Upper South

July, 2004
Regional Report

Feed and Water Annuals

Apply a granular or liquid fertilizer solution to annuals growing in the garden as well as those in containers to keep them at their best throughout the summer into fall. If using a granular fertilizer, lightly scratch it into the soil surface. Check container plantings daily to see if watering is needed. If going away on vacation, make arrangements for someone to water.

Deadhead and Fertilize Repeat-Blooming Roses

Those rose varieties that bloom all summer will give you a better show if the faded flowers are cut off. Using a sharp pruning shears, cut down to a five-leaflet leaf. This type of rose will also give a better performance if plants are fertilized at least once after the first flush of flowers has faded. Do not feed after the end of July so that new growth has a chance to harden before frost.

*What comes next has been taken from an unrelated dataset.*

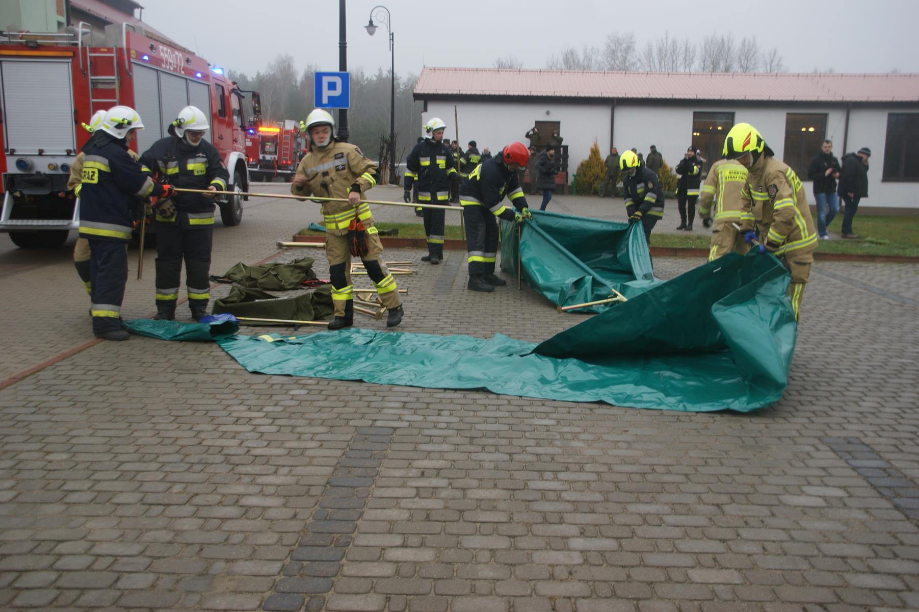 „Trójka mężczyzn włamała się do obiektu i podpaliła pomieszczenia piwniczne, w których składowane były szyszki. Zgromadzony materiał palny i drewniane stropy kilkukondygnacyjnego obiektu, spowodowały bardzo szybkie rozprzestrzenianie się pożaru, który został zauważony przez przypadkową osobę. Pierwsze przybyłe na miejsce zdarzenia zastępy straży pożarnej, skupiły się na prowadzeniu działań wewnątrz obiektu. W piwnicy strażacy znaleźli mocno poparzonego jednego ze sprawców podpalenia, któremu po ewakuacji udzielili pierwszej pomocy przedmedycznej. Bardzo szybko okazało się, że w sieci hydrantowej nie ma wody – kilka godzin wcześniej przepompownia wody uległa poważnej awarii. Kierujący Działaniem Ratowniczym wzywa kolejne siły i środki. Od pracownika Urzędu Gminy, który przybył na miejsce zdarzenia, KDR dowiaduje się, że najbliższy naturalny zbiornik wodny zlokalizowany jest w odległości około 1 km. przy oczyszczalni ścieków. Zapada decyzja o zbudowaniu stanowiska wodnego przy zbiorniku i zastosowaniu metody przetłaczania wody do miejsca pożaru. W trakcie prowadzonych działań gaśniczych ratownicy zlokalizowani w okolicy płonącego budynku, pod pryzmą drewnianych kłód drewna rannego mężczyznę (to drugi z podpalaczy). Za pomocą zestawu poduszek pneumatycznych unieśli kłody i ewakuowali rannego z licznymi złamaniami do punktu udzielania pomocy medycznej. Po kilkudziesięciu minutach do strażaków dociera informacja, że w składowisku zużytych betonowych elementów budowlanych, przypadkowa osoba natknęła się na przyciśniętego betonem mężczyznę (to trzeci podpalacz). Straży za pomocą narzędzi hydraulicznych podnieśli betonowy element, ewakuowali mężczyznę. Niestety ratownicy ZRM stwierdzili zgon.”

Make Beds Around Trees and Shrubs

Prevent lawn mower and string trimmer damage to tree and shrub trunks by creating beds around them. Spread a thick layer of newspapers around the plants and cover it with bark mulch. Taper the mulch downward toward the base of the plant. The area can later be planted with spring-flowering bulbs or a ground cover.

Divide Daylilies

As daylilies finish blooming, consider which ones are ready for dividing. The newer hybrids in particular form dense, vigorous clumps within three or four years. To keep them blooming at their peak, dig up the clumps and separate or cut the dense mat of roots into clumps with three or four leaf fans. Cut foliage back to 3 inches and replant immediately or pot up to share with friends.

Plant Vegetables

Crops with a short maturity date, such as bush beans and summer squash, can still be planted for a plentiful late-season harvest. Begin preparing an area for cool-season crops, such as turnips, radishes, lettuce, and greens. Continue planting these crops until August. With later sowings, use a cold frame, grow tunnel, or fabic cover to protect plants from frost.